I can’t stand what I call “noise horror” movies, so take the rest of this with as many grains of salt as you need. By noise horror, I mean the use of sudden, piercing soundtrack spikes to manufacture jump scares. The practice is legion in contemporary horror, but I find it excruciating and unfair. Sneaking up behind someone and kicking their ears in the balls does not a master of suspense make.

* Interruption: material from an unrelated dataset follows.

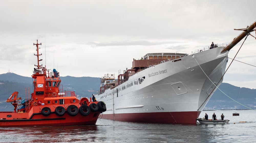 Sea Cloud Spirit is being fitted with dual diesel-electric drives which offer a low-sulphur marine diesel.

For its part, David Bruckner’s quiet-loud-quiet ghost story The Night House features the single loudest and most painful noise horror jump scare I’ve ever experienced. It makes the shrieking clown from It look like Marcel Marceau. However, it catapulted me right out of the movie, and similar moments throughout held me at bay. Unfortunately, my growing dread for the next deafening soundtrack spike undercut Bruckner’s atmospheric accomplishments and an excellent lead performance from Rebecca Hall.
“Everybody has secrets.”
Hall plays Beth, a school teacher struggling with the shocking suicide of Owen, her seemingly happy architect husband. In short order, a series of strange events lead Beth to believe that her husband’s ghost has returned home. Guided by his disturbingly inscrutable suicide note and a mysterious picture, she starts digging into the dirty details of Owen’s life, uncovering brunette doppelgangers, backward houses and more. Of course, even though Beth is presumably wealthy and could easily snoop her dead husband’s laptop from the safety of a hotel room, she acts like a dumb horror movie character and remains in her dark, isolated, clearly haunted lake house for the inevitable tinnitus attack.